# Wanting a baby but don't think it will ever happen



## moguywithmogirl (Mar 16, 2010)

My wife and I have been married over 10 years and have been together almost 12 years. All that time we have been together we never used protection. We got married in 1999 and soon after that we started talking about starting that family. Now she has had problems with her all of her life and it. She was diagnoised with CAH when she was young and she was put on steriods for most of her life. It wasn't until she was about to graduate from high school that she stopped taking the steroids. She wanted to be able to have kids. The steroids were keeping here cycles somewhat regular but it would also make it difficult for her to concieve. Well we went to a Reproductive Endochronologist in Kansas City. She of course wen through all the poking and proding after a couple of visits up there the doctor said it looked like she was ovulating and to go home and try for 6 months. Well 6 months go by and we head back up there feeling defeated the doctor runs a couple of more tests and while waiting for the results tells us to go home and keep trying. Well that was the last time we went up there. We let the subject rest for a couple of years and I bring it up again.

This time we went to an OB/GYN office that a friend of ours was going to that was going through the same problems.

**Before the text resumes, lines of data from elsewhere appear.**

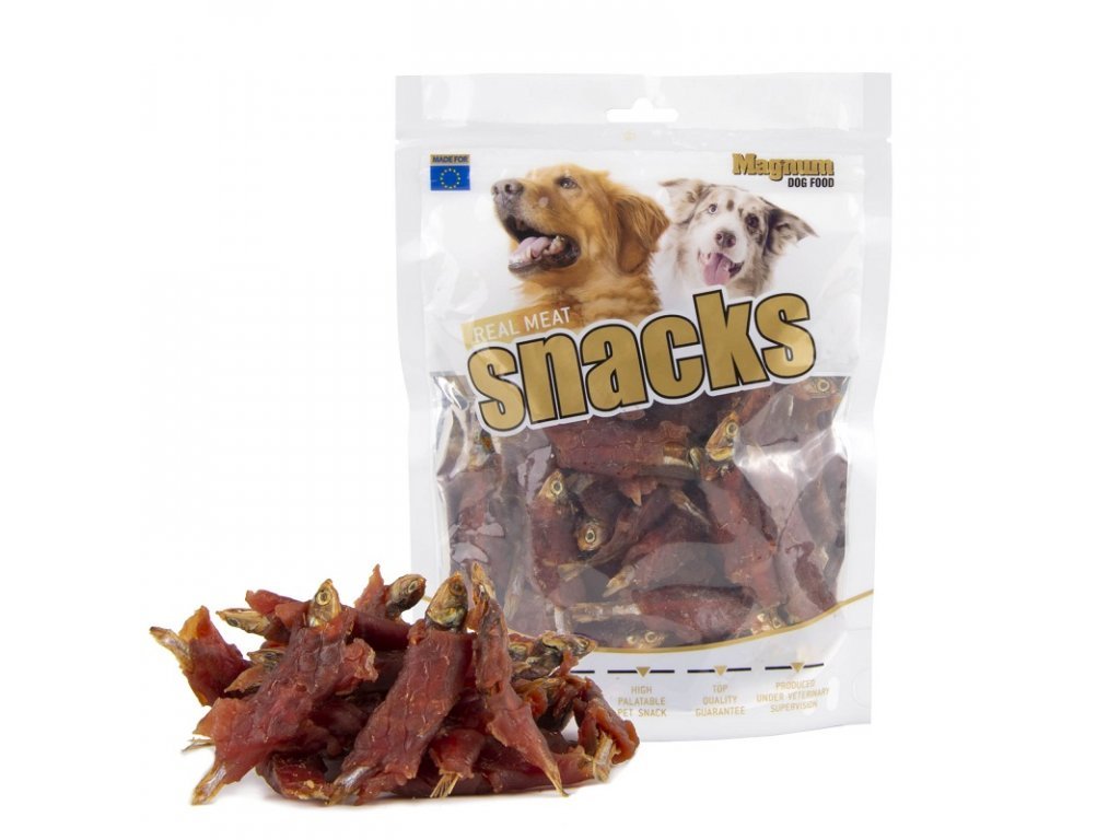 Složení: kachní maso, rybí maso, škrob, sorbitol, glycerin.
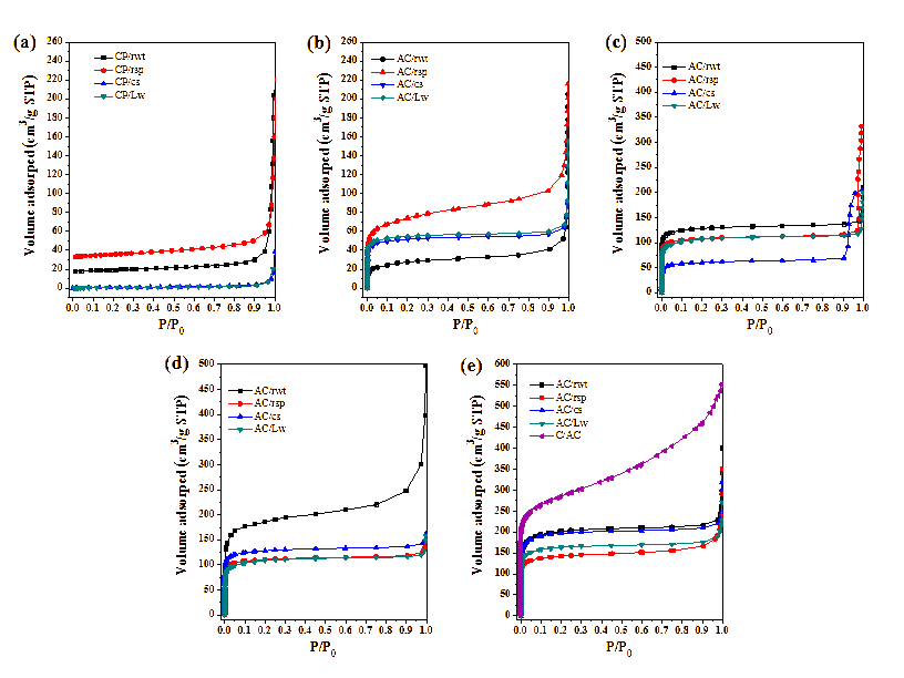 Identifying the pore structure of activated carbon is crucial prior to designing its applications. The Brunauer-Emmett Teller (BET) method serves as a fundamental approach to calculate the specific surface area of activated carbon based on its isotherms. Inert gas adsorption, commonly utilizing nitrogen (N2), is favored due to its ability to reveal scientific insights into the textural characteristics of activated carbon. Figure 5, displays the N2 adsorption isotherms obtained at 77 K for all synthesized carbonized carbon and activated carbon which prepared using various methods and activation temperatures. Additionally, Table 1 presented the results of the analysis of BET surface area, pore volume, and average pore diameter. The experimental results indicated that the N2 gas adsorption isotherm of carbonized carbon samples typically exhibited the lowest nitrogen gas adsorption values, as illustrated in Figure 5(a). However, samples subjected to activation, including those activated via a 1-step process (Figure 5(b)), a 2-step process with bulk wet activation (Figure 5(c)), a 2-step process with wet powder activation (Figure 5(d)), and a 2-step process with dry powder activation (Figure 5(e)), generally showed an increased N2 gas adsorption isotherm. Moreover, activated carbon produced through the 2-step process with dry powder activation tends to display the highest nitrogen gas adsorption isotherm among the tested materials.
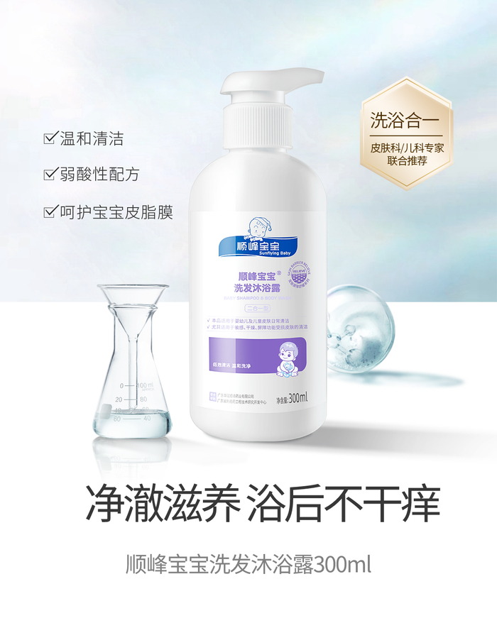 顺峰宝宝洗发沐浴露低泡温和,特别添加赋脂成分,连续使用有助于清除或减少表皮污和微生物,配方中原料使用的种类和浓度都通过了蛋胚测试评估,同时采用远高于国家化妆品生产标准的要求来控制生产线的环境洁净程度。顺峰宝宝对品质的内控经过多家三方检测机构的检测认可,可以说是临床用于舒缓特应性皮炎患者皮肤最优最安心的选择。
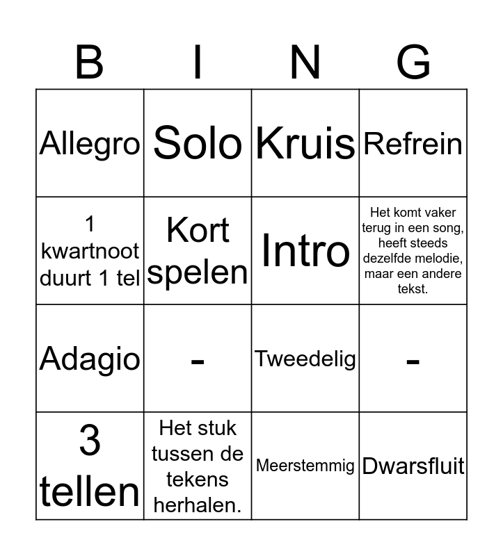 This bingo card has 25 words: Crescendo, Dynamiek, Het komt vaker terug in een song, heeft steeds dezelfde melodie, maar een andere tekst., -, 1 kwartnoot duurt 1 tel, Allegro, Kort spelen, Solo, Het stuk tussen de tekens herhalen., F - Ab - C, Adagio, Tweedelig, Bb - D - F, Motief, Intro, Heel zacht spelen, Meerstemmig, Kruis, -, -, 3 tellen, -, Dwarsfluit, Refrein and -.
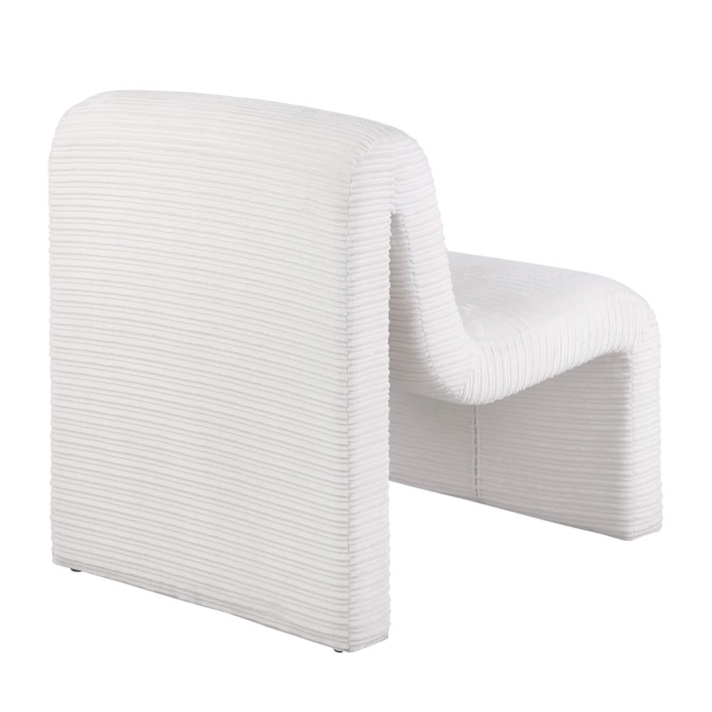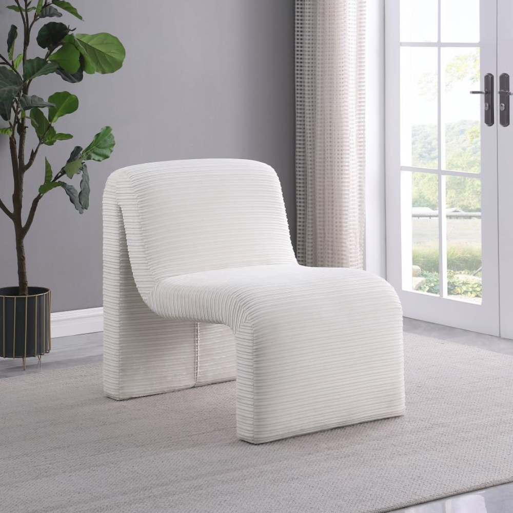 Introduce sculptural sophistication to your living space with this modern accent chair. Its sinuous, armless silhouette exudes artistic elegance, perfect for elevating any seating group. Upholstered in a neutral fabric with ribbed texture, it offers captivating depth and tactile interest. Built with a durable metal and plywood frame, the chair features foam padding for luxurious comfort. A versatile choice for living rooms or dens, its sleek, curvy design makes it a stunning standalone piece or a cohesive addition when paired.
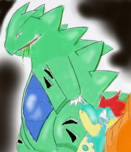 いたわるかのようにアリゲイツの尻尾を軽く掴み、口元へ持っていく。
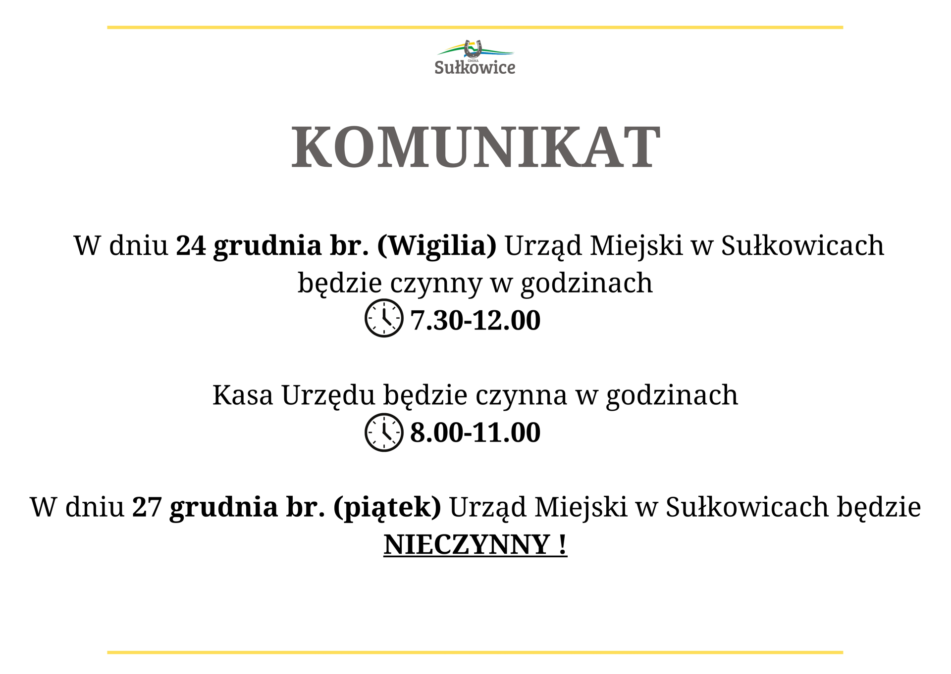 W dniu 24 grudnia br. (Wigilia) Urząd Miejski w Sułkowicach będzie czynny w godzinach
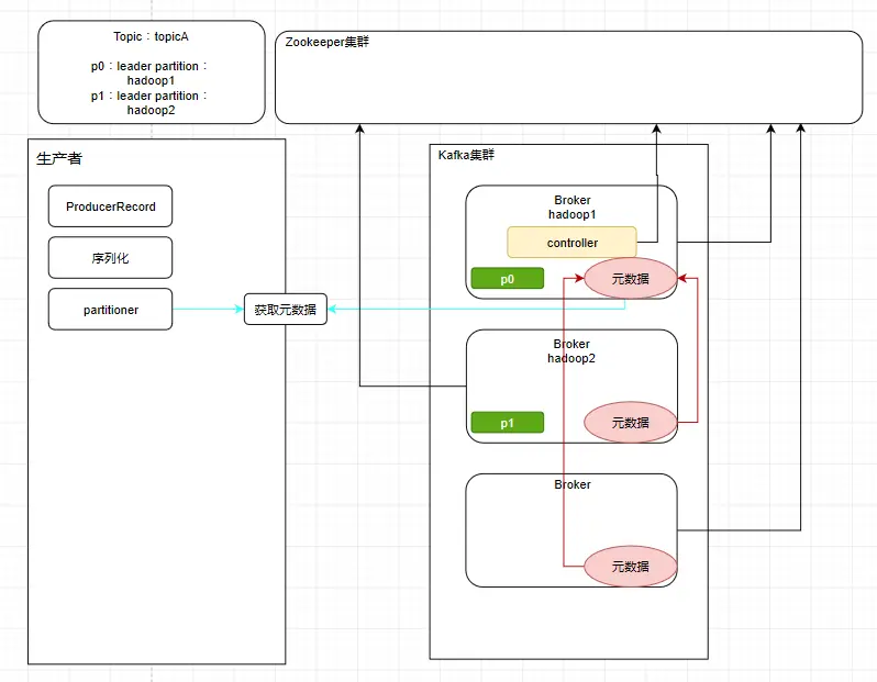 怎么知道哪个才是leader partition,只需要获取到元数据不就好了嘛。
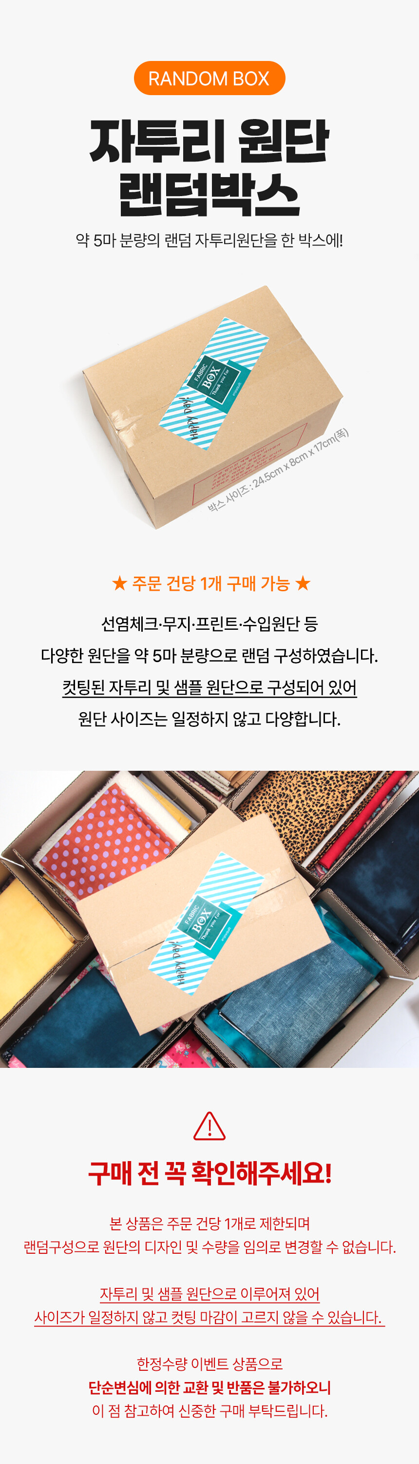 랜덤구성으로 원단의 디자인 및 수량을 임의로 변경할 수 없습니다.
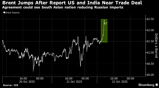 油价上涨,因有报道称美国和印度接近达成一项贸易协议,该协议可能促使这个南亚国家逐步减少俄罗斯原油进口,从而提振替代供应的需求。
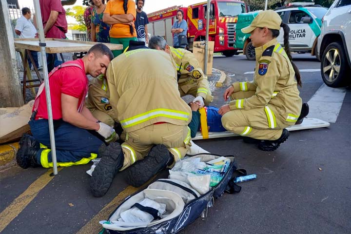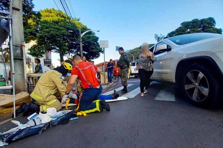 Após atropelamento, mulher é arremessada e fica com a cabeça presa em bueiro no centro de Umuarama
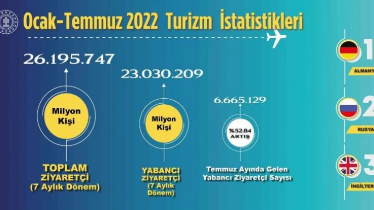 Türkiye bu yılın ilk 7 ayında toplam 26 milyon 195 bin 747 ziyaretçi ağırladı. Almanya, Rusya Federasyonu ve İngiltere sırasıyla en çok ziyaretçi gönderen ülkeler oldu.
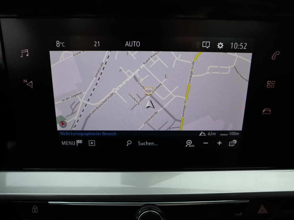 - Multimedia Navi mit 7“ Touchscreen-Farbdisplay, Sprachsteuerung für Audio, Telefon & Navigation, Digitaler Radioempfang DAB+; Audio: Automatische Musikerkennung (Titel, Album, Interpret, Cover) bei Audiogeräten mit USB-Anschluss, Bluetooth®-Audiostreaming Telefon: Freisprecheinrichtung via Bluetooth-Schnittstelle, Anzeige von Telefonbuch und Ruflisten; Navigation: Navigationssystem mit integriertem Speicher, Straßenkarte Europa (inkl. Russland und Türkei), Kartendarstellung in 3-D, Dynamische Routenführung über Karten- und/oder Pfeildarstellung, Anzeige von Sonderzielen, Tourenplanung, GPS-Modul, Anzeige von Ladestationen (Mokka-e) Smartphone-Integration via Apple CarPlay und Android Auto: Anzeige und Bedienung ausgewählter Apps und Funktionen über das Touchscreen-Farbdisplay oder per Sprachbedienung
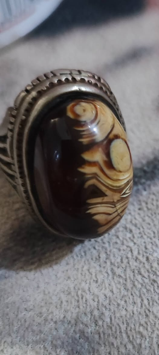 عقيق جزع يماني • فضة ٩٢٥ • صياغة قديمة
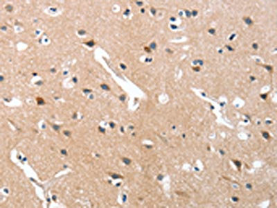 The image on the left is immunohistochemistry of paraffin-embedded Human brain tissue using CSB-PA228050(GRB7 Antibody) at dilution 1/40, on the right is treated with fusion protein. (Original magnification: ×200)

She runs through the standard tests again with this new doctor but this time he includes me in on the tests. I was tested and found out that I have borderline low count but they have ADHD as well, meaning that after an hour or so they slow down and start doing their own thing I guess. She tried the Clomid a few times but found out that she would never drop the egg. She tried the horomone shots that were expensive since insurance won't cover the cost of it, bastards. They will cover the cost of an abortion but not the cost for infertility, stupid SOBs. She did the first round of shots and then we did an IUI well it didn't take cuz we found out that her tubes we both clogged up. She went into the procedure to have them unclogged and they wouldn't let me in there. She said it was the most painful thing she has ever experiences. They got one tube unclogged but the other will stay clogged. Now we are having to try and time it so that the side that was unclogged will get the egg. We went through 2 more rounds and she said she was done. It was too much for her to take and I told her ok. We got a false positive one time and that almost devistated her and me at the same time. We were talking about planning for the baby's room and stuff. She goes to the doctor to comfirm and they said that it was a false positive probably from the hormone shots.

Next we looked at foster care in our area. We went through the classes that the state requires that we take before we can become foster parents. We were on the last class and on a break and we went outside and talked. The whole premis of the foster parent classes was about reunification with the parents. We both agreed that we were not in the best frame of mind to be able to put up with a parent that was cooking meth, abusing their children, molesting them, etc and have to sit across from them in a meeting to help them get their kid(s) back. We bumped into the instructor a month or two later and she asked us why we stopped so short. We told her the same thing as stated above and she respected that. I told here that the fostering program to me was about providing what is best for the child. I can't do that if I am not willing to help their parents out.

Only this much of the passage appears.